WORK TASK:
Every line of the listing must be reproduced as it stands. Leave the images behind.

GIVEN MATERIAL:
--- --- ---

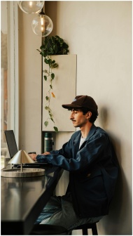 Young man wearing cap and jacket works on laptop i
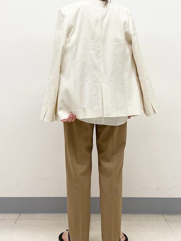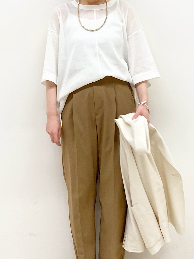 着心地:少しシャリ感のある素材感で、夏場にもとても履きやすい生地感です。テーパードシルエットですっきり見えします。
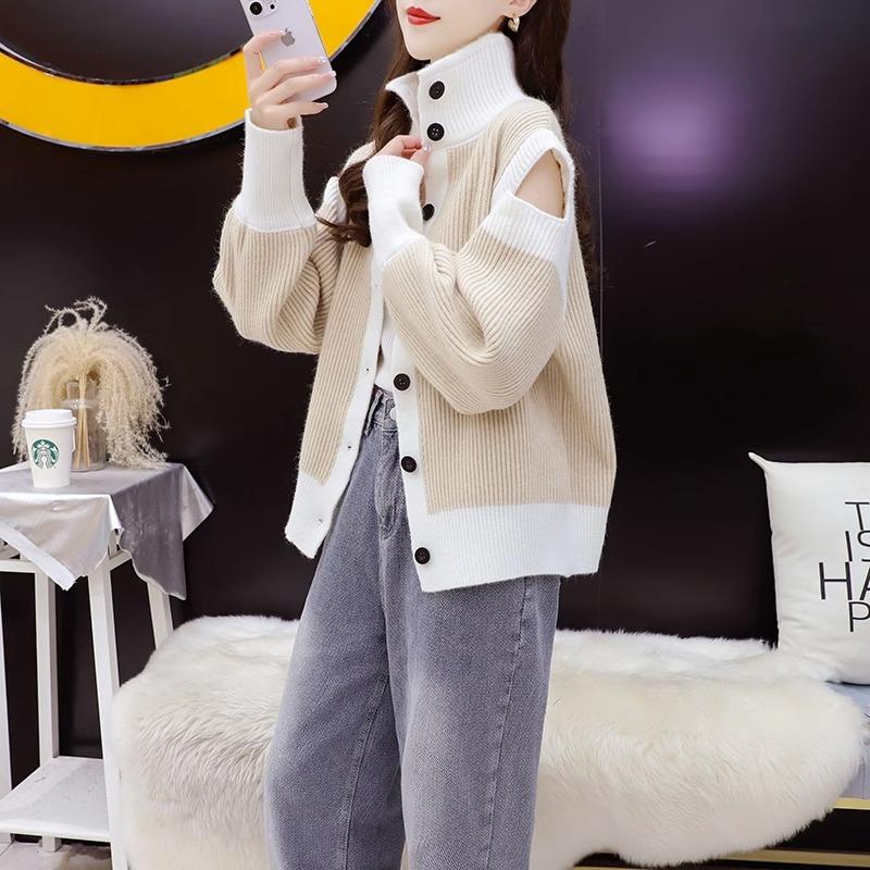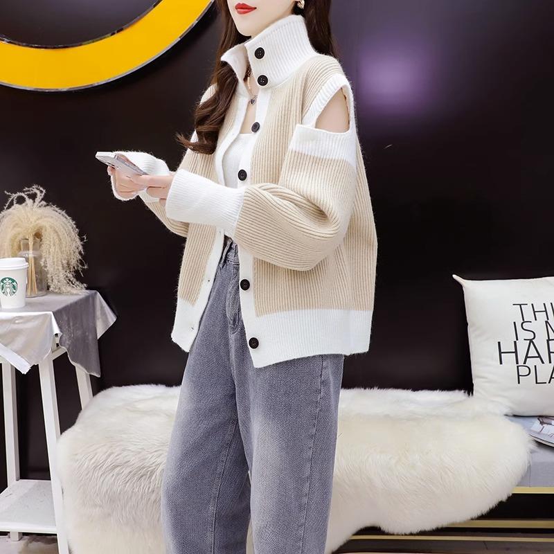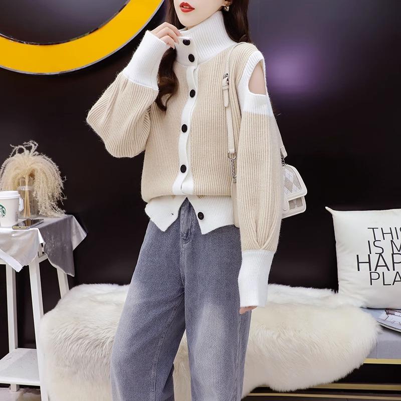 Suéter de cuello alto y hombros descubiertos para mujer, cárdigan holgado coreano de punto, camisa de manga larga, diseño de nicho, 2024

--- --- ---

EXERCISE RESULT:
 Young man wearing cap and jacket works on laptop i
 着心地:少しシャリ感のある素材感で、夏場にもとても履きやすい生地感です。テーパードシルエットですっきり見えします。
 Suéter de cuello alto y hombros descubiertos para mujer, cárdigan holgado coreano de punto, camisa de manga larga, diseño de nicho, 2024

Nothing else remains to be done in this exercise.